来自公众号【小明的数据分析笔记本】
在原图的基础上擅自自己大刀阔斧了一下
把图改成了我的好女儿阿尼亚,配色使用的是宫崎骏动画配色的ghibi包,
散点图参考第二周大佬原图的思路,把下面不重要的数据点全都用灰色处理,感觉好看了很多
这次的问题:
1. x轴标题和坐标轴的距离太近了,y轴的成功修改了
2. legend的颜色不知道怎么指定
3. 还可以再加个大标题(懒
代码在下面
这周新学了一下r4ds tidyverse入门,感觉画图起来更熟练了~
library(readr)
library(tidyverse)
library(ggrepel)
library(patchwork)
library(ghibli)
library(jpeg)
df_ghibli <- readr::read_csv("https://raw.githubusercontent.com/rfordatascience/tidytuesday/master/data/2019/2019-04-23/tidy_anime.csv") %>%
filter(studio == "Studio Ghibli", type == "Movie") %>%
dplyr::select(animeID, title_english, title_japanese, genre, score, scored_by, members)
#filter保留符合条件的行,select保留想要的列
img_a <- readJPEG("ania1.jpeg",native = TRUE)
a <- grid::rasterGrob(img_a, interpolate = T)
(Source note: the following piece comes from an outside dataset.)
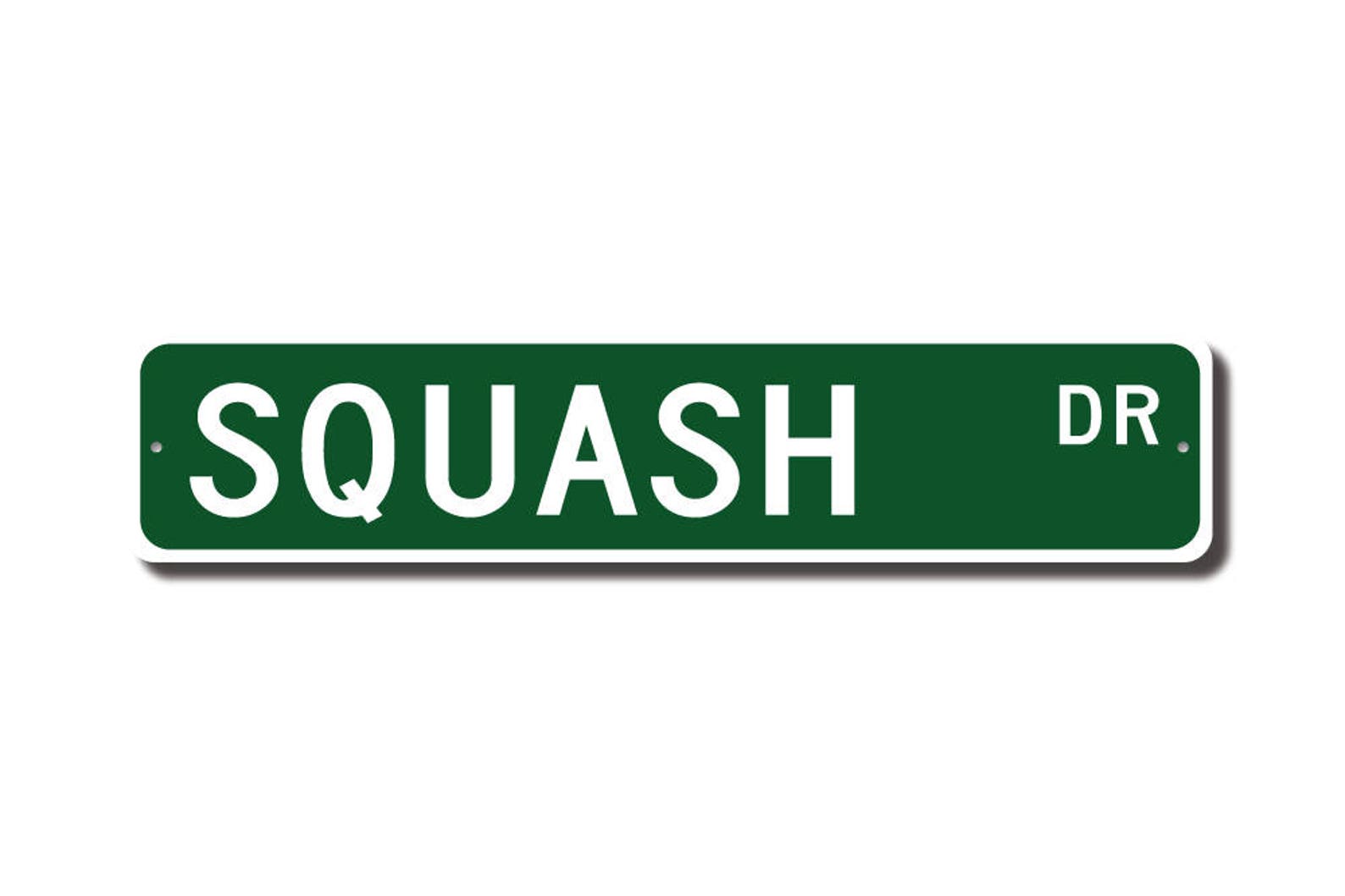 Squash lovers check out this awesome street sign! This will make the perfect piece for any Squash fan, or maybe you are a Squash lover looking for a cool decor piece ! Made of premium aluminum it will stand the test of time. This sign will look great in any room, home den, cave, or office ! Get this sign for your favorite Squash aficionado !
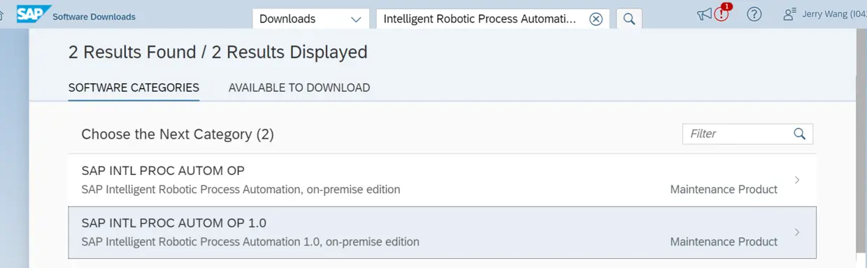到SAP官网下载这个场景需要的两个工具: SAP Intelligent Robotic Process Automation Desktop Studio和SAP Intelligent Robotic Process Automation Desktop Agent. launchpad.support.sap.com/#/softwarec…

#jpeg包读取图片,grid包建立一个grob对象
ghibli_genres <- df_ghibli %>%
group_by(genre) %>%
count() %>%
filter(n>5) %>%
ungroup() %>%
mutate(genre=fct_reorder(genre,n))
p_col <- ghibli_genres %>%
ggplot(aes(genre,n))+ #全局声明
geom_col(aes(fill=genre))+ #局部声明
coord_flip()+ #横纵轴转换,但不改变数据
scale_y_continuous(limits=c(0,20),expand=c(0.01,0))+ #y轴范围,但flip后显示为x轴
scale_fill_ghibli_d("PonyoMedium")+ #ghibli包里都是宫崎骏配色方案
guides(fill="none")+ #不要legend
labs(x = "Most common genres", y = "Count") +
annotation_custom(a,xmin = 0.8, xmax = 4, ymin = 10.5, ymax = 23)+ #把乖女儿插进图中,对象是grob,后面调节位置
theme_test()+
theme(axis.title.x = element_text(margin = margin(0,0,0.5,0,"cm")),
axis.title.y = element_text(margin = margin(0,0.5,0,0,"cm")))
p_col
df_ghibli_unique <- df_ghibli %>%
group_by(animeID) %>%
summarize_all(first) %>% #按片名分组,只留第一条记录
mutate(title = glue::glue("{title_japanese}\n({title_english})")) #glue包生成一个新列前面日语名后面括号里英语名
p_point <- df_ghibli_unique %>%
ggplot(aes(score,scored_by))+
geom_point(data = filter(df_ghibli_unique, scored_by > 140000),aes(color=title,size=members),alpha=0.8)+
geom_point(data = filter(df_ghibli_unique, scored_by < 140000),aes(size=members),color="black",fill="grey40",alpha=0.5)+ #想画评分14w以上的7个片子有颜色和标注,其他的用灰色的点表示
scale_color_manual(values = c("#CD4F38FF","#E7A79BFF","#67B9E9FF","#742C14FF","#6FB382FF","#E48C2AFF","#3D4F7DFF"))+
scale_x_continuous(limits = c(6, 11)) + #x轴范围
scale_y_continuous(labels = scales::comma, limits = c(0, 600000)) + #y轴范围与显示,scales包comma的作用是每三位数字加逗号增加可读性
scale_size_continuous(name = "Times listed by MAL users:",
breaks = c(1000, 10000, 100000, 250000, 500000),
labels = c(" 1,000", " 10,000", "100,000", "250,000", "500,000"))+
labs(x = "Average MAL user score", y = "Number of ratings")+
guides(color="none")+
theme_test()+
theme(legend.position = c(0.28, 0.5),
legend.background = element_rect(fill = "transparent"),
legend.title = element_text(size = 9),
legend.text = element_text(size = 8),
axis.title.x = element_text(margin = margin(0,0,0.5,0,"cm")),
axis.title.y = element_text(margin = margin(0,0.5,0,0,"cm")))+
geom_text_repel(data = filter(df_ghibli_unique, scored_by > 140000),
aes(label = title_english),
size = 3,
color = "grey40",
segment.size = 0.3,#线段粗细
xlim = c(9.25, 10),
box.padding = 0.5, #文本框填充
force = 5) #强制散开重叠文本
p_col+p_point+plot_layout(widths = c(1,1))